→ **Assigned task**
Using the material below, print a verbatim copy of every line from the one containing "Seit kurzem hat" through the one containing "Gambar 2.1 Aplikasi", inclusive, and omit the pictures.

→ **Exercise input**
※ ※ ※

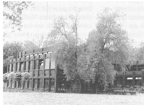
Das neue Microswiss-Zentrum in den Räumen der Ingenieurschule ITR in Rapperswil

Seit kurzem hat das Microswiss-Zentrum Nord-Ost seine Tätigkeit an der Ingenieurschule des Interkantonalen Technikums Rapperswil aufgenommen. Mit einer Fachtagung in Zusammenarbeit mit dem Institut für Technologiemanagement der Hochschule St. Gallen zum Thema «Mikroelektronik für Innovationen nutzen» stellt es sich am 25. Oktober 1993 erstmals einer
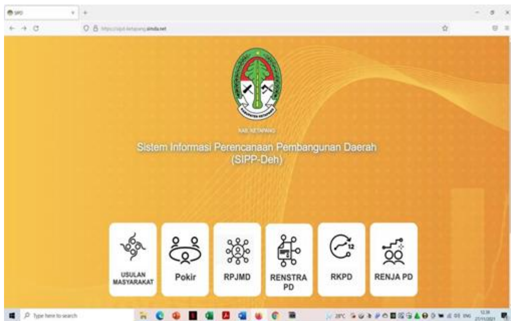
Gambar 2.1 Aplikasi Sistem Informasi Perencanaan Pembangunan Daerah Kabupaten Ketapang

Dalam proses penyusunan perencanaan tahun 2025 telah dilaksanakan Musyawarah Perencanaan Pembangunan (Musrenbang) secara berjenjang pada tahun 2023, yaitu melalui Rembug Warga, Musrenbang Kelurahan, Musrenbang Kecamatan dan Musrenbang Tingkat Kabupaten. Dari hasil pelaksanaan Musrenbang tersebut kemudian dapat dijarah berbagai aspirasi masyarakat ataupun para pemangku kepentingan. Umumnya aspirasi diarahkan pada Perangkat Daerah Teknis. Namun Dinas Ketahanan Pangan dan Perikanan Kabupaten Ketapang juga memiliki tanggung jawab dalam mengkoordinasikan pengakomodiran
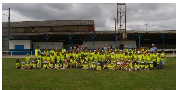
GROUPAMA a offert des gilets jaunes aux enfants scolarisés à Thiel, ils seront utilisés pour les déplacements
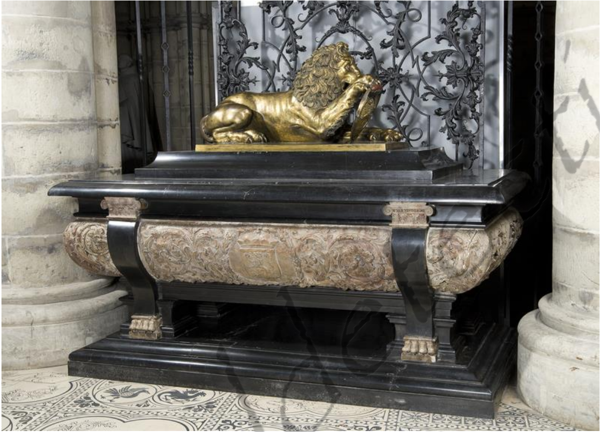
Graftobe Hertog Jan II van Brabant

※ ※ ※

→ **Result of the task**
Seit kurzem hat das Microswiss-Zentrum Nord-Ost seine Tätigkeit an der Ingenieurschule des Interkantonalen Technikums Rapperswil aufgenommen. Mit einer Fachtagung in Zusammenarbeit mit dem Institut für Technologiemanagement der Hochschule St. Gallen zum Thema «Mikroelektronik für Innovationen nutzen» stellt es sich am 25. Oktober 1993 erstmals einer
Gambar 2.1 Aplikasi Sistem Informasi Perencanaan Pembangunan Daerah Kabupaten Ketapang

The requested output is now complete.